How can we believe in God at a time like this?

A video version of my answer – for those who prefer to watch… text underneath, if you prefer to read.

You may have noticed that we (along with many others)  are doing an awful lot of praying, our daily prayers are being posted up on our Facebook page

and hopefully will also  be on our Peter John Church website shortly too.

But you may well be wondering: what’s all this prayer achieving? Where is God in all this? Why doesn’t he or she seem to be intervening?

What’s the point of prayer and worship at a time like this?

Foolishly I know, because these are big questions, I’m going to try give you just a few short answers in this video.

Firstly where is God in all this? The Christian belief is that he is right here with us alongside us, weeping with us, feeling our pain, and offering us his constant presence and loving support.
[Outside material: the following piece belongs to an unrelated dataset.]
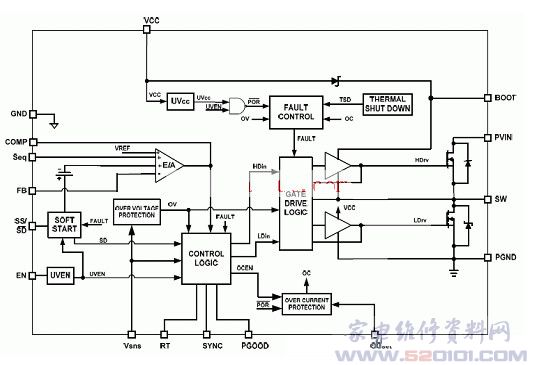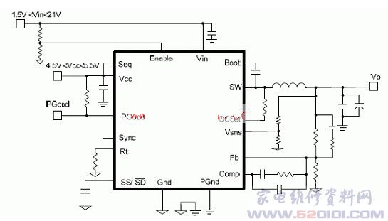 概述:IR3859开关频率从250kHz到1.5MHz可编程,效率大于95%,输入电压从1.5V到21V,输出电压从0.7V到0.9xVin.可连续提供9A负载电流。

The fact that we sometimes can’t feel that has more to do with the static of anxiety in our minds and hearts, than with any shortage of its availability.

Secondly, why doesn’t God step in to dramatically stop the virus in its tracks? Undoubtedly many of us are praying for exactly that, so why doesn’t God seem to be responding?

Two possible answers to that question: how do you know God is NOT responding? God’s answers often come through human agencies, so when we fling at God the question “what are you doing about this God?” He will often reply, putting us back on our own 2 feet as it were, asking us to be responsible for ourselves and one another and says “what are you doing about it?”


Yes I understand that we all want the big dramatic miracle, but I’m not going to close my eyes and fail to see the thousands and thousands of small miracles that come about when people choose live faithfully by God’s ways of compassion, showing kindness and generosity to other human beings. And these miracles are not limited to those who would describe themselves as Christians, but they break out all over the place.

The second answer to the “why is God not responding” question addresses the fears and anger that lie behind that question. We are afraid that this is happening because either there isn’t a God, in which case life is all pretty meaningless, or because there is a God and he is angry and or distant from us and indifferent, and not surprisingly we are angry about that. Or hurt, asking ourselves what have we done to deserve this?

I really would like to answer that question very clearly, whatever else you hear out there in the Internet world, I firmly do not believe that this is a “punishment” from God.  It isn’t that I think we don’t do things wrong, of course we do things wrong, we are fallible, often stupid, often inconsiderate and sometimes pig headed. Of course we do things wrong and we screw up, that’s why an essential part of any Christian prayer is a prayer of confession admitting our weaknesses and failures. But as for the idea of punishment, that just isn’t the God I know. God promises us that when we acknowledge our failures or mistakes we are met with overflowing forgiveness and compassion. So is this virus some huge massive universal punishment? No. There is a world of a difference between the word punishment and the word consequence.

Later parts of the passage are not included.